Q: What's the difference between LTV and ARV in hard money lending?
LTV (loan-to-value) measures the loan against the property's current as-is value — lenders cap it around 65%–75%. ARV (after-repair value) is what the property will be worth once renovated, and many lenders size the loan against ARV (often up to 65%–70%), sometimes financing part of the rehab. ARV-based lending lets investors do more with less cash, but it hinges on an accurate after-repair valuation.
Q: Can I use a hard money loan to buy a rental I'll keep?
You can buy and renovate with one, but you shouldn't hold it long-term — the rates are far too high to carry for years. The standard play is to use hard money to acquire and rehab, then refinance into a long-term DSCR or conventional loan once the property is stabilized and rented. That's exactly the sequence behind the BRRRR strategy.
Q: Is hard money the same as a bridge loan?

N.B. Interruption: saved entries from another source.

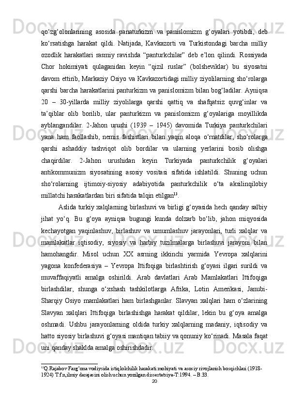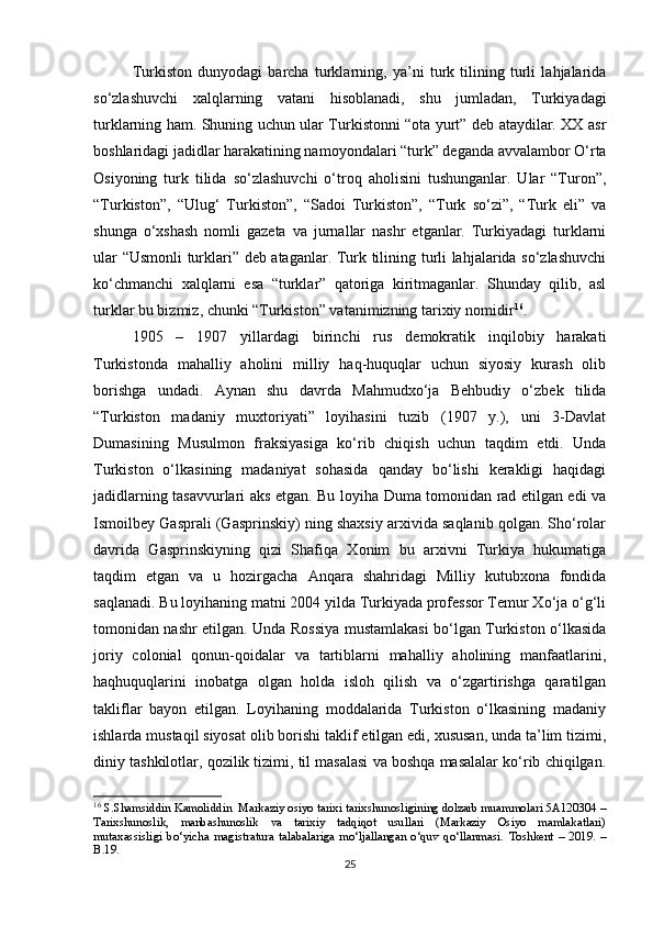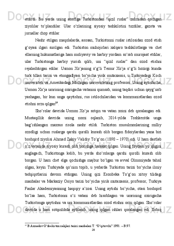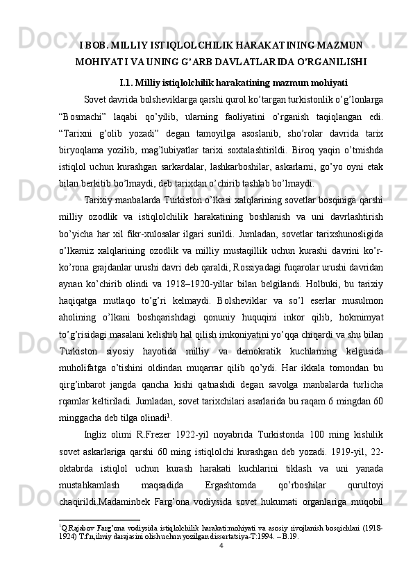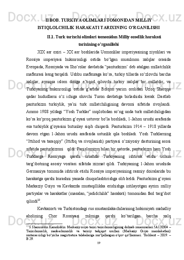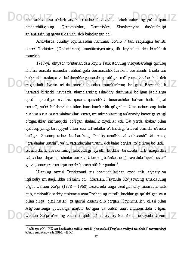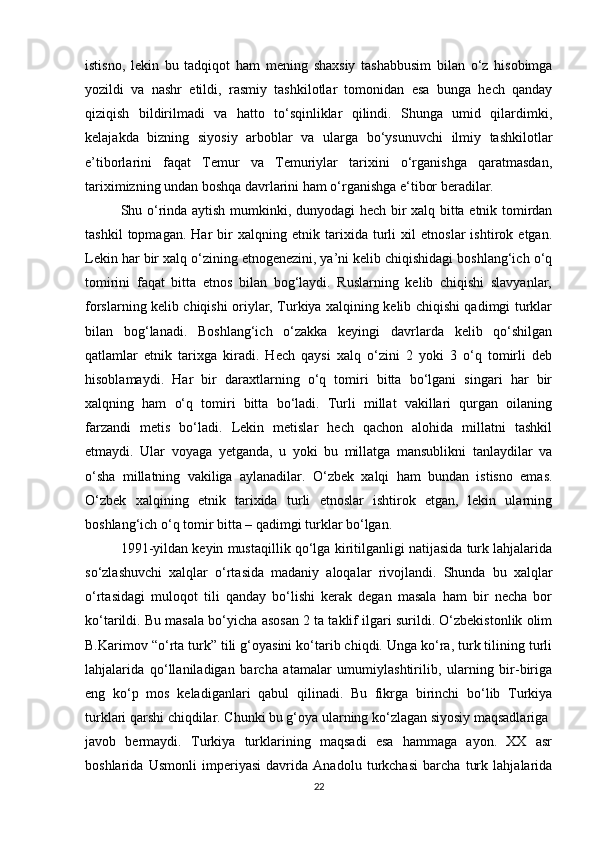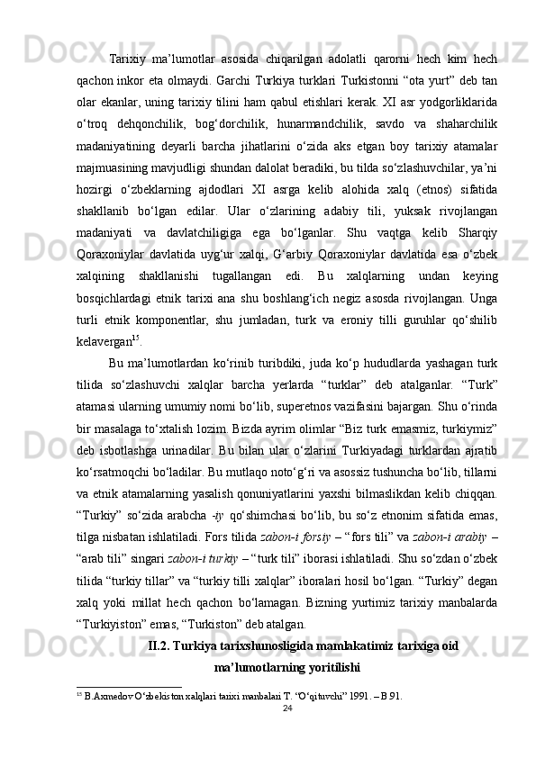 «Turkiya olimlari tomonidan milliy istiqlolchilik harakati tarixining o’rganilish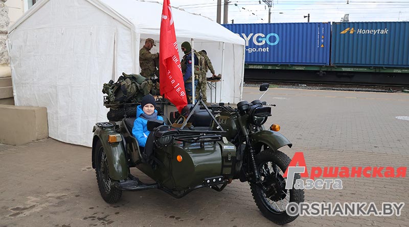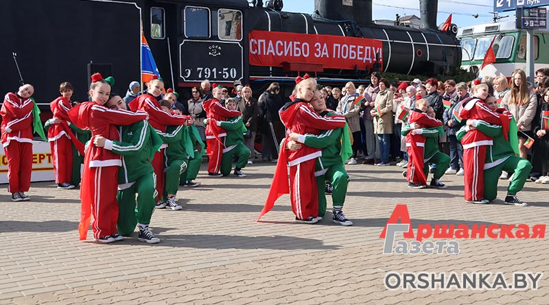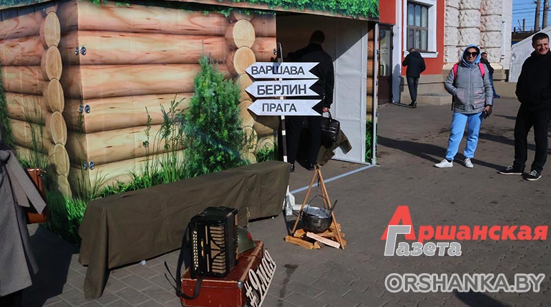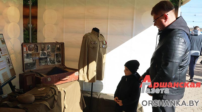 Перед началом торжественных мероприятий работали тематические интерактивные площадки. Гости могли познакомиться с экспонатами мобильной выставки «Музей в чемодане» Оршанского районного центра физической культуры, туризма и краеведения детей и молодежи и окунуться в атмосферу победного мая 1945 года, реконструкцию которого представили учащиеся Оршанского медицинского колледжа.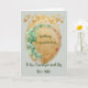 Grattiskort för ditt barnbarn och hans nya hustru. Designen har en guldfärgad och ljusgrön bakgrund med en eukalyptuskrans och guldfärgade hjärtan.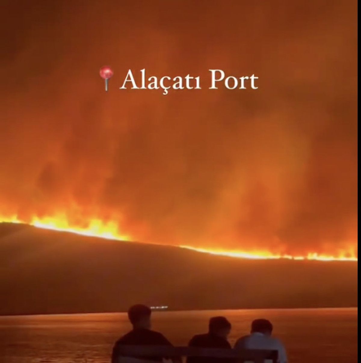 Dün gece Alaçatı’daki yangını görüntüleyen vatandaş, şaşkınlığını gizleyemedi.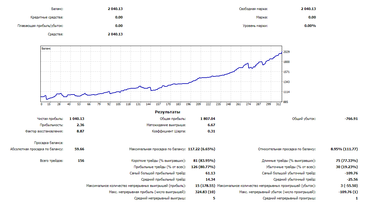 Торговля утром на азии на спокойном рынке. Чистая прибыль +154,69.
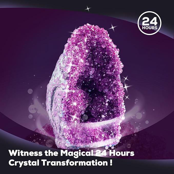 - 24Hrs Rapid Growth: The science kit for kids offers a 24Hrs journey of wonder,within a day, children will witness stones transforming into beautiful crystal clusters; It comes with guided instructions for anyone looking for how to start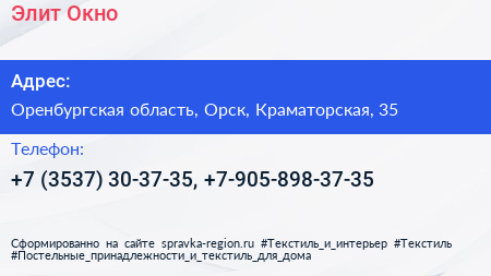 Элит Окно по адресу Оренбургская область, Орск, Краматорская, 35 в дальнейшем Организация, размещена в следующих категориях: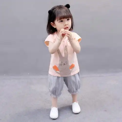 女宝宝夏季短袖套装2018小孩夏装童装儿童宝宝短裤女童1-3-5周岁4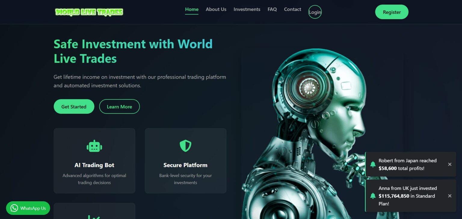 Сайт WorldLiveTrade заявляет об использовании AI-бота и современной платформы. Однако нельзя найти достоверные отзывы о функционировании платформы или исполнении сделок. Нет сведений о том, что приложение реально выводит сделки на рынок. Пользовательская поддержка и техническая база остаются неизвестными. Это усиливает подозрения, что платформа может быть фиктивной.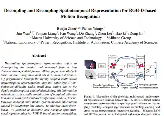 在行为识别领域,虽然当前的一些基于RGB-D模态的动作识别方法可以取得显著效果,但是他们都是建立在时空紧密耦合架构的基础上进行的时空信息建模。因此,这些方法主要存在以下三个问题:(1)由于时空建模过程的紧密耦合,导致在一些小数据集上面临一定的优化困难;(2)网络中包含的大量与分类无关的边缘冗余信息可能会误导分类器做出错误的决策;(3)视频多模态信息之间缺乏有效的时空交互导致后验融合机制不能充分发挥其作用。所以在本文中,我们提出了一种有效建模时空信息的解耦与重耦合机制以及一种新颖的RGB-D多模态时空信息交互策略。具体来讲,我们将多模态时空信息建模过程分成三个子任务:(1)通过解耦时空建模网络实现高质量维度无关的时间和空间表征学习。(2)重新耦合这些解耦的时空表征以重新建立强时空依赖。(3)引入一种新的跨模态时空信息交互方案和自适应后验融合机制(CAPF)来深度融合RGB-D多模态时空信息。通过充分利用以上技术,可以实现更加鲁棒的时空表征学习。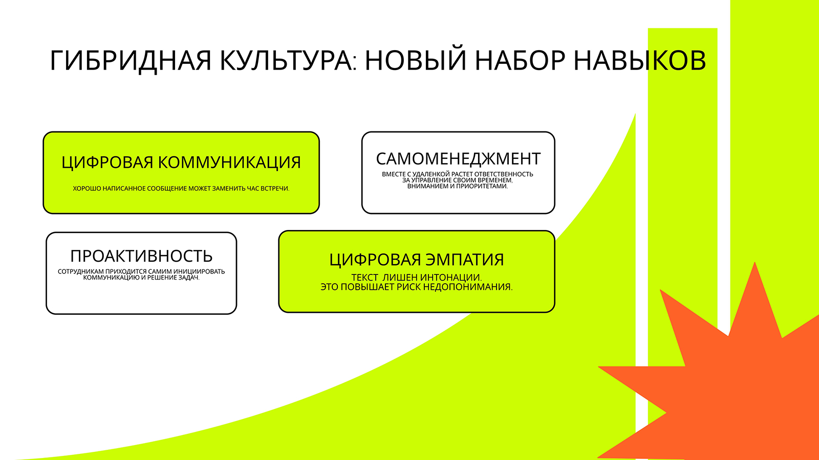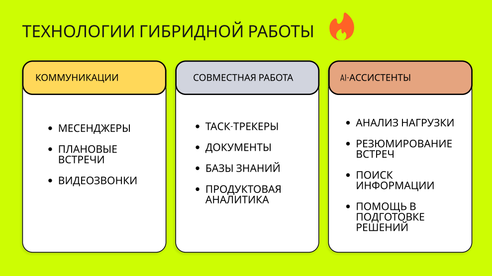 В этом случае гибридная модель перестает быть компромиссом между офисом и удаленной работой и превращается в инструмент повышения эффективности.
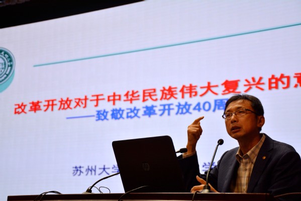2018年11月27日晚,本学期第二轮第二讲《形势与政策》课在综合楼多功能厅开讲。我院邀请到苏州大学马克思主义学院党委书记张才君教授作为主讲教师,给800多名师生作了《改革开放对于中华民族伟大复兴的意义——致敬改革开放40周年》的讲座。本次讲座由院党委书记仲宏主持。

They overlap but aren't identical. Both are short-term, but hard money is built around the deal (LTV/ARV) and often funds distressed properties and rehab, while a bridge loan typically spans a timing gap — like buying a new home before selling your old one — and assumes a standard-condition property with a clear near-term exit. Hard money is more common for flips; bridge loans for transitions.